I used to write about D-id, the Israeli startup of the day, five years ago, it had just graduated from Y Combinator at the time. The startup wanted to apply filters on face photographs in a way that the person didn’t notice the difference, and recognition algorithms malfunctioned. The goal is to prevent ill-intended people from tricking biometric authorization systems with public photos.

One year after the accelerator it indeed released the product, then there were a couple of rounds more, and this March it brought in USD 25M with a completely different concept. There’s not a trace of old positioning on the website now, D-id is doing something almost opposite now.
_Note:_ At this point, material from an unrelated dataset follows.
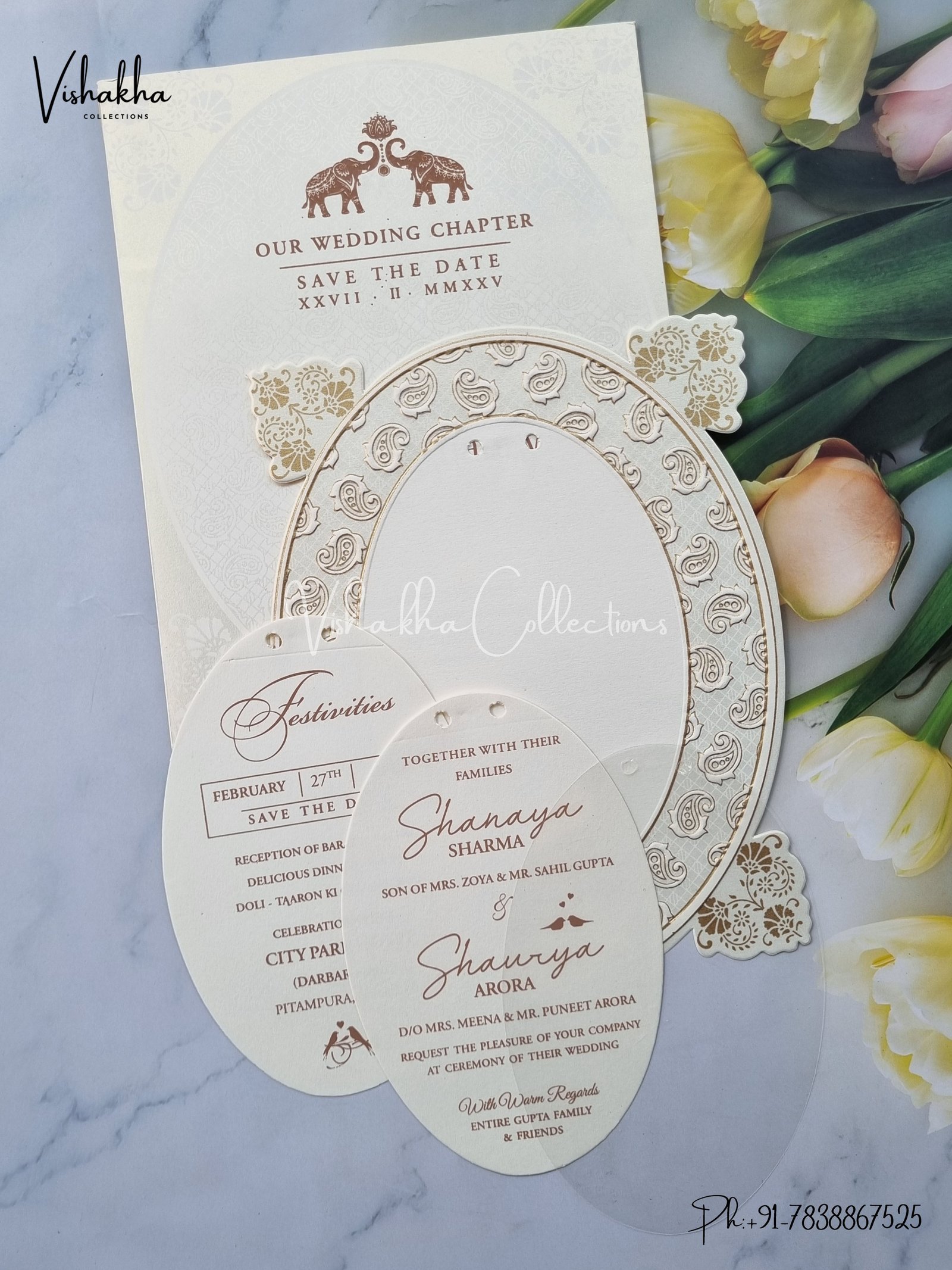 Vishakha Collections presents you beautiful luxury wedding invitation cards with all latest designs and the latest variety. Its just not a wedding invitation card but a beautiful feeling of love and relationship it carries for you. Beautifully printed and packed with a bundle of love. if you like it, dont think again, just go for it.If you are worrying about the quality of the product, send your doubts to us. We are here to help you. If you want in wholesale or bulk, dont forget to contact us.

Now, its neural networks take a person’s photograph and voice and use them to make a video with the desired movement or speech – we would call it deep fake if it were operated by an enemy hacker and not a respected B2B startup. With D-id’s help, a TV broadcasting company can do without a host, the university can do without a lecturer, and a corporation can send out a personal address from its CEO to every employee. And all one needs for that, other than a voice recording, is just one photograph!

‘Resurrection’ of old photos from archives is a separate direction, D-id boasts about it almost as much as commercial generation. To my taste, the examples look disastrous, I wouldn’t like to turn my great-grandmother’s portrait into this, but some people like it. The startup even partnered up with MyHeritage, a large online project on genealogy.